Simulation & Data Lab Neuroscience, Institute for Advanced Simulations IAS-5, Jülich Supercomputing Centre (JSC), Forschungszentrum Jülich GmbH, JARA, 52428 Jülich, Germany.
Computational Biomedicine, Institute of Advanced Simulations IAS-5/Institute for Neuroscience and Medicine INM-9, Forschungszentrum Jülich GmbH, JARA, 52428 Jülich, Germany.
Curr Opin Struct Biol. 2024 Aug;87:102817. doi: 10.1016/j.sbi.2024.102817. Epub 2024 May 24.

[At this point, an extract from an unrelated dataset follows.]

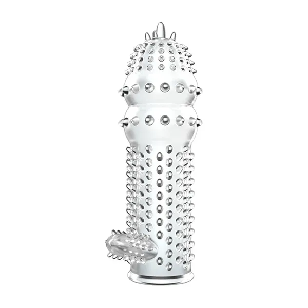 Насадка на фаллос с закрытой головкой, хорошо тянется. Поверхность с пупырышками и мини-усиками для усиления чувствительности эрогенных зон внутри влагалища. Способствует продлению времени сексуального контакта. Изменяющийся рельеф, мягкие шипы различной длины, небольшой отросток для стимуляции клитора.

New high-performance computing architectures are becoming operative, in addition to exascale computers. Quantum computers (QC) solve optimization problems with unprecedented efficiency and speed, while neuromorphic hardware (NMH) simulates neural network dynamics. Albeit, at the moment, both find no practical use in all atom biomolecular simulations, QC might be exploited in the not-too-far future to simulate systems for which electronic degrees of freedom play a key and intricate role for biological function, whereas NMH might accelerate molecular dynamics simulations with low energy consumption. Machine learning and artificial intelligence algorithms running on NMH and QC could assist in the analysis of data and speed up research. If these implementations are successful, modular supercomputing could further dramatically enhance the overall computing capacity by combining highly optimized software tools into workflows, linking these architectures to exascale computers.
新型高性能计算架构正在投入使用,除了 exascale 计算机。量子计算机 (QC) 以空前的效率和速度解决优化问题,而神经形态硬件 (NMH) 则模拟神经网络动力学。尽管目前,两者在所有原子生物分子模拟中都没有实际用途,但在不久的将来,QC 可能会被用于模拟电子自由度在生物功能中起关键和复杂作用的系统,而 NMH 可能会以低能耗加速分子动力学模拟。在 NMH 和 QC 上运行的机器学习和人工智能算法可以帮助分析数据并加快研究速度。如果这些实现取得成功,模块化超级计算可以通过将高度优化的软件工具组合到工作流程中,将这些架构连接到 exascale 计算机,进一步显著提高整体计算能力。